During the 1990s, independent pharmacists lobbied the North Carolina General Assembly to pass a law mandating that any contract offered to one pharmacy by a payer, be offered to all pharmacies.

The “Pharmacy of Choice” law was intended to ensure that independent pharmacies remained part of an insurer’s network and were paid the same amounts as large chain pharmacies like Walgreens and CVS.

The mandate is still on the books today, but it is not working how the independent pharmacies had hoped.

National chain pharmacies like Walgreens and CVS can accept much lower reimbursement rates from payers because they are so large and widely used.

The contracted payments accepted by the national chains then becomes the ceiling for what a payer can offer an independent pharmacy.

For example, if a payer wanted to reimburse an independent pharmacy more than a CVS they could not do it because then CVS would be entitled to that same higher reimbursement under the “pharmacy of choice” law.
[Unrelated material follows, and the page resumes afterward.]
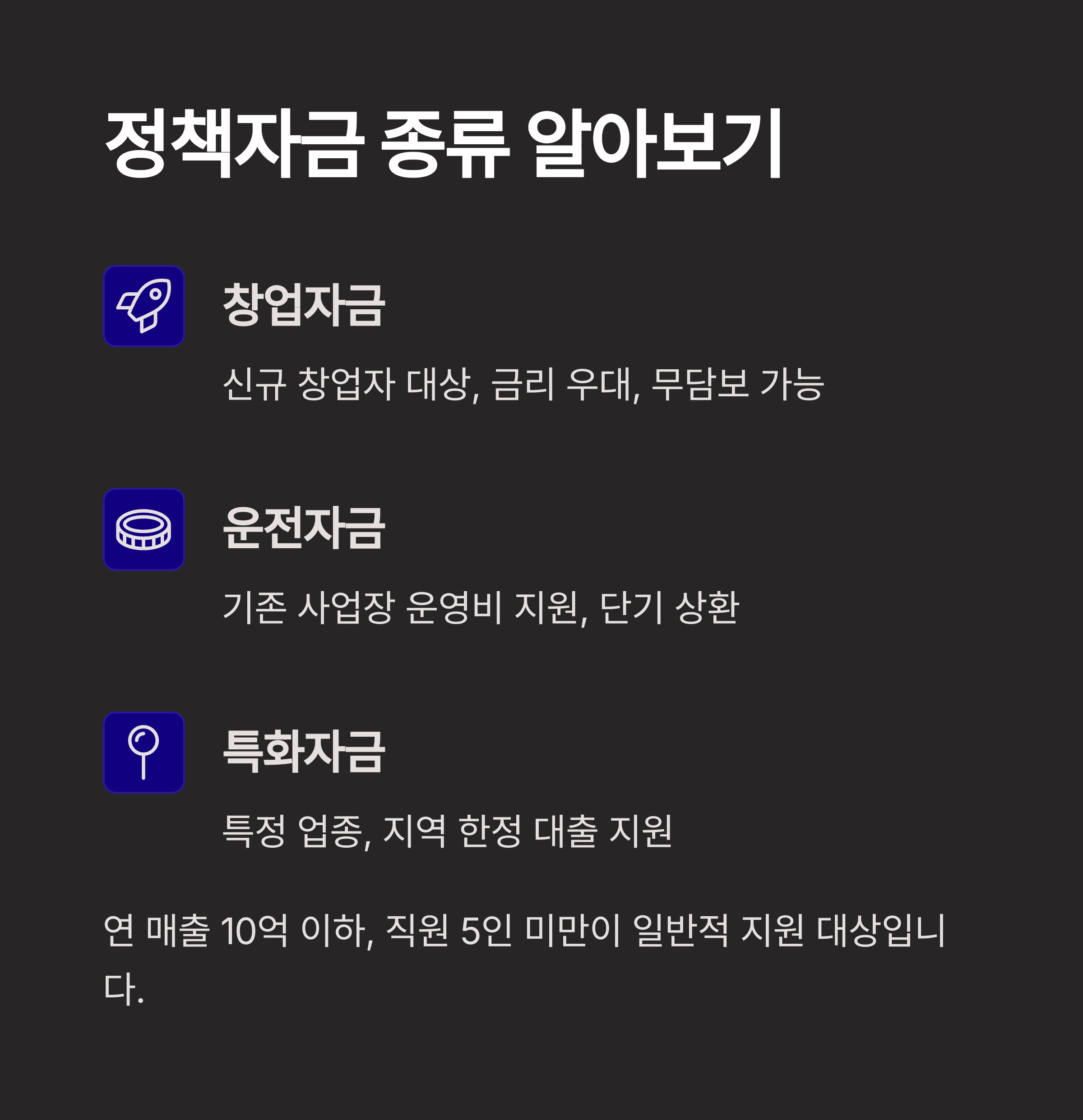 정책자금은 크게 두 가지로 나눌 수 있어요. 하나는 '창업자금', 다른 하나는 '운전자금'이에요. 창업자금은 새로 사업을 시작하는 사람을 돕기 위한 거고, 운전자금은 이미 사업을 하고 있는 소상공인의 운영자금을 지원해주는 거죠. 💼

Because whatever contract is offered to one pharmacy (the independent in this example) must be offered to all (Walgreens, CVS, Walmart and the like).  

This unintended consequence is a perfect example of why the government should be very careful when interfering with the free market and inserting itself into the middle of contracts between private parties.
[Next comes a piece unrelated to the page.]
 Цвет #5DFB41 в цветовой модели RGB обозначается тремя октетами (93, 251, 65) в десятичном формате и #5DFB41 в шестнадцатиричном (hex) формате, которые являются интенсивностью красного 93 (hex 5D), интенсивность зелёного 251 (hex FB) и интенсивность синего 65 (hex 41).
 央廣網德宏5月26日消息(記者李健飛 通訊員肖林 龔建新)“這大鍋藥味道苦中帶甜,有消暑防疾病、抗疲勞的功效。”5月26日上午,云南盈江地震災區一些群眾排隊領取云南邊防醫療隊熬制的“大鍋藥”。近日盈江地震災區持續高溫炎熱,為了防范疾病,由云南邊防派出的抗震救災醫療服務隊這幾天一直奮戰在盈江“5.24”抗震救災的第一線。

Now, as if one bad mandate wasn’t enough, another is being pushed at the legislature in an attempt to “fix”  the problems with the first.

House Bill 246 would institute a new pharmacy tax on every consumer in North Carolina when they fill a prescription.

Specifically, the mandate increases dispensing fees by as much as 1000 percent and adds no benefit to the consumer.

While this may provide independent pharmacies with more money, it will be a windfall for the national chains and increase prescription costs for everyone by hundreds of millions of dollars.

Adding a bad government mandate on top of another bad government mandate is bad policy.

And on top of that, strong PBM reforms passed by the General Assembly in 2021 have not been fully implemented.

These reforms should be allowed to happen.

After that, the focus should turn to lowering drug costs for consumers and supporting independent pharmacies through free market solutions that allow them to offer unique, high-quality services to consumers.